Иван положил пистолет рядом с собой.
— Козел, — сказал старик. — Я, как ненормальный, бегу по коридору, мне вообще противопоказано бегать. И главное, зачем мне тебя останавливать, Александров? Какого рожна?
— Простыни, — сказал Иван.
— А, ну да, разве что простыни. Козел.
— Повторяетесь.
— Мой дом, хочу и повторяюсь. Ты знаешь, сколько у меня ровесников во всем мире зарегистрировано? Знаешь?
— Не знаю.
— Нет, ну сколько, как думаешь?
— Сто, — наугад ответил Иван, не отводя взгляда от темной точки на потолке.

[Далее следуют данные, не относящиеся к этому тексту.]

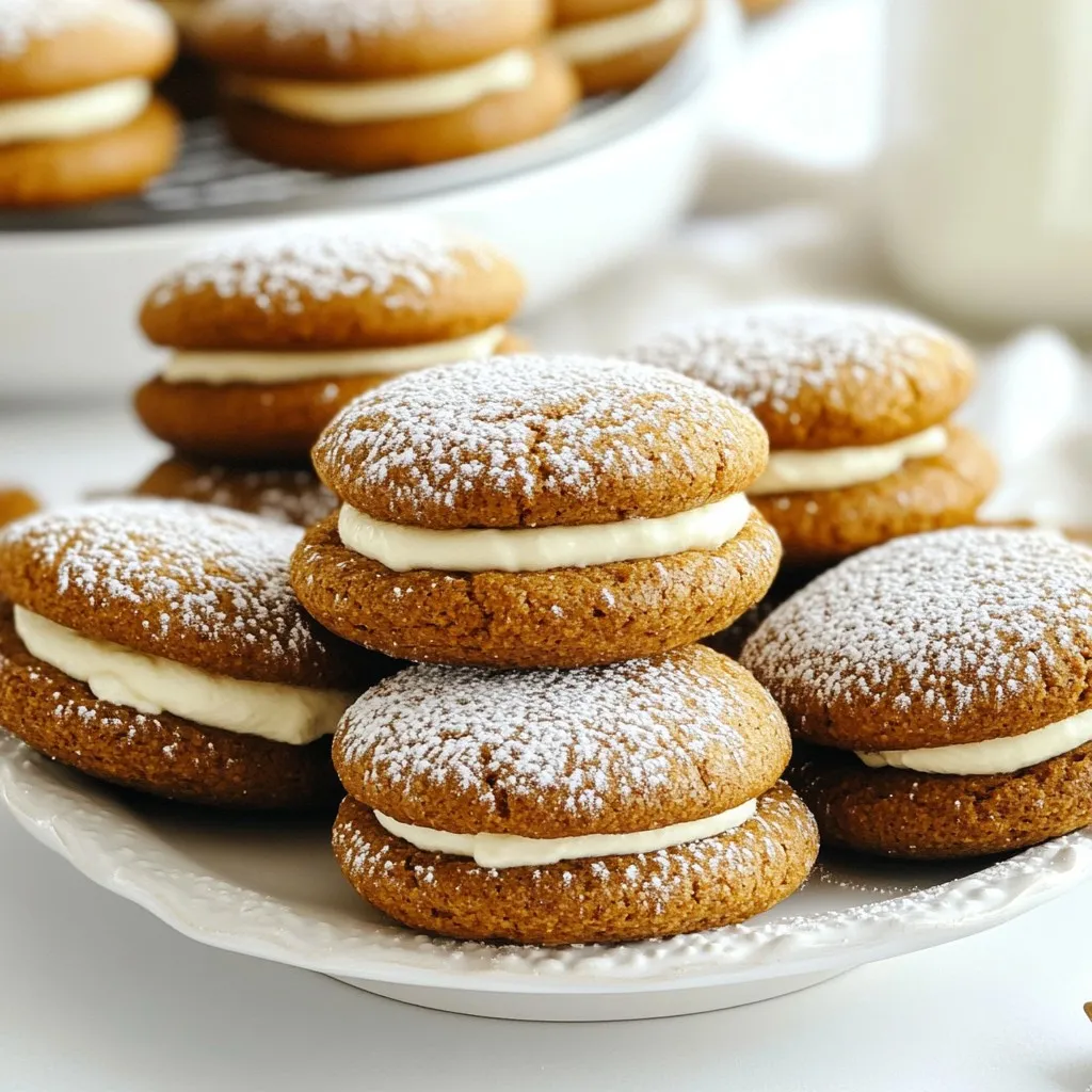 Bestäuben Sie die fertigen Whoopie Pies leicht mit Puderzucker und servieren Sie sie auf einem festlichen Tablett – perfekt für Feiertagsfeiern!

— Хренушки тебе, а не сто. Один я такой. Следующий за мной — семьдесят пять, чтоб ты себе представил. Этих — несколько сотен тысяч. Может, несколько миллионов, я не интересовался точной цифрой. Много.
А таких, что были при Возвращении достаточно взрослыми, — я один.
— Повезло, — сказал Иван.
— Повезло… ты даже не знаешь, как повезло. Я интересовался — просто мор косил моих ровесников. Болезни, несчастные случаи, преступления… И, что показательно, вдруг все статистические аномалии прекратились. Старики перестали вымирать. Живут, повышается средний возраст населения. Вот ведь смешная загадка.
— Не смешная…
— Да уж куда уж… — бросил старик. — Совсем не смешная. Ты знаешь, кстати, почему тебе предложили место в Конюшне? Туда ведь добровольцев не берут, помнишь?
— Не берут…
— Знаешь, почему тебе предложили?
— Почему?
— По рекомендации Преисподней, — сказал старик. — Представь себе.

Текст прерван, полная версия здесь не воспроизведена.